■ Exercise instructions: Would you write out the entries again, exactly as they are, but without images?

·····

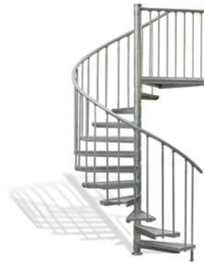
Ø 182 cm 12 Stg. ab 1.899,- €*
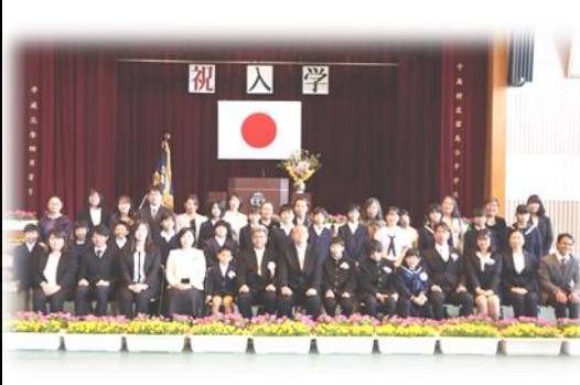
【入学式終了後に撮影した集合写真】
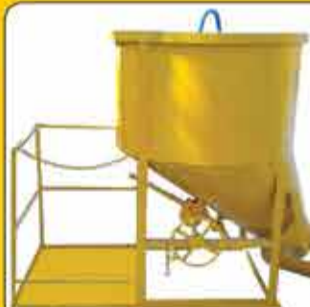
باکت های بتن و خاک ۵۰۰ الی ۳۰۰۰ لیتر
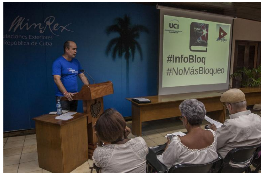
La aplicación fue presentada recientemente durante el XIV Foro de organizaciones de la sociedad civil cubana contra el bloqueo, efectuado en La Habana.

La principal motivación es divulgar la verdad de Cuba. Sabemos que se hace un gran trabajo desde las redes sociales y el pueblo cubano postea mucho en ellas. Los medios de prensa también desempeñan su papel, pero creímos importante aprovechar las prestaciones de los dispositivos móviles, pues hoy bastantes personas tienen un teléfono inteligente o un tablet, y es una vía alternativa para llegar a la gente.
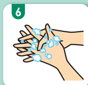
6 指のあいだ、つけねを洗う

·····

■ Answer to this exercise:
Ø 182 cm 12 Stg. ab 1.899,- €*
【入学式終了後に撮影した集合写真】
باکت های بتن و خاک ۵۰۰ الی ۳۰۰۰ لیتر
La aplicación fue presentada recientemente durante el XIV Foro de organizaciones de la sociedad civil cubana contra el bloqueo, efectuado en La Habana.

La principal motivación es divulgar la verdad de Cuba. Sabemos que se hace un gran trabajo desde las redes sociales y el pueblo cubano postea mucho en ellas. Los medios de prensa también desempeñan su papel, pero creímos importante aprovechar las prestaciones de los dispositivos móviles, pues hoy bastantes personas tienen un teléfono inteligente o un tablet, y es una vía alternativa para llegar a la gente.
6 指のあいだ、つけねを洗う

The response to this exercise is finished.